Exercise objective. Word for word, set down the lines from the one that holds "A black ion-plated" through the final line of the listing below, and exclude every picture.

Data provided.
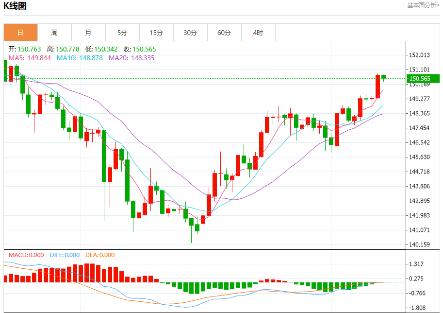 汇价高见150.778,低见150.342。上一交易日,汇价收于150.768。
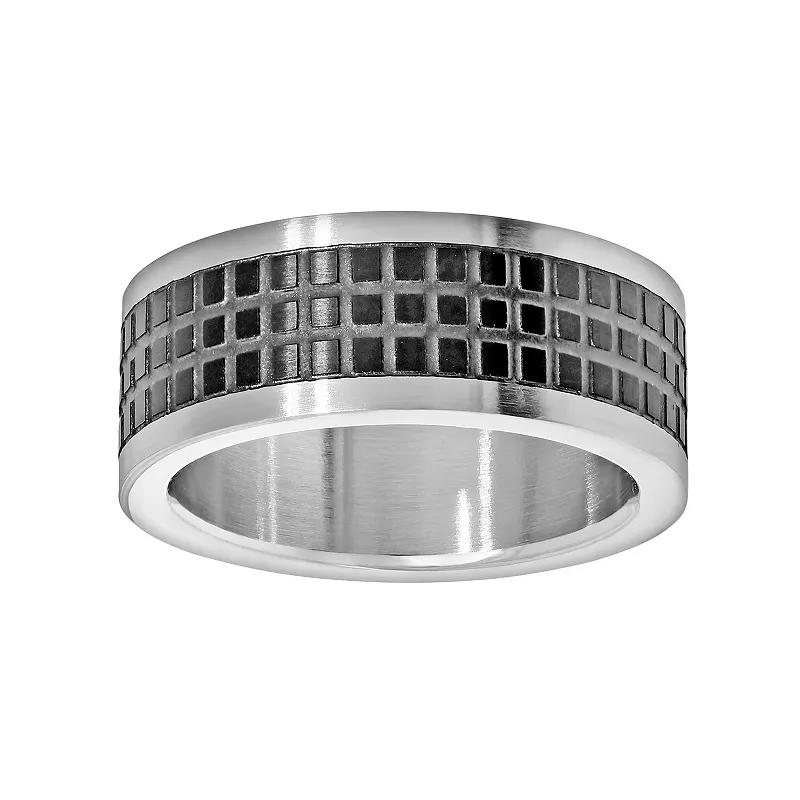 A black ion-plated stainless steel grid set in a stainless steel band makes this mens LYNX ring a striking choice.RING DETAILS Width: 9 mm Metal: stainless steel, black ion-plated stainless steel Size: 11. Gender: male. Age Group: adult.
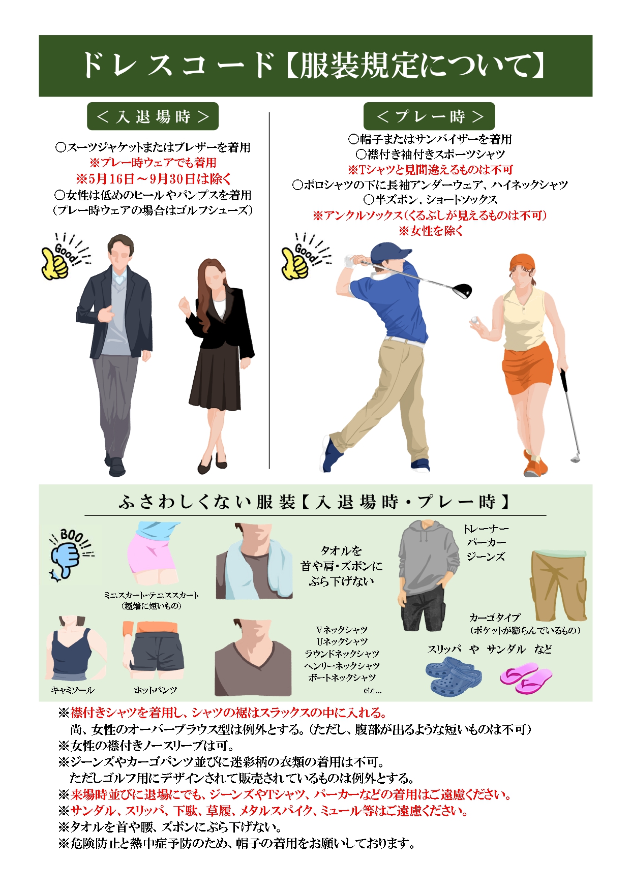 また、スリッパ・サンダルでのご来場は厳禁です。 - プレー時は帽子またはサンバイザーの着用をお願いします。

Expected answer.
 A black ion-plated stainless steel grid set in a stainless steel band makes this mens LYNX ring a striking choice.RING DETAILS Width: 9 mm Metal: stainless steel, black ion-plated stainless steel Size: 11. Gender: male. Age Group: adult.
 また、スリッパ・サンダルでのご来場は厳禁です。 - プレー時は帽子またはサンバイザーの着用をお願いします。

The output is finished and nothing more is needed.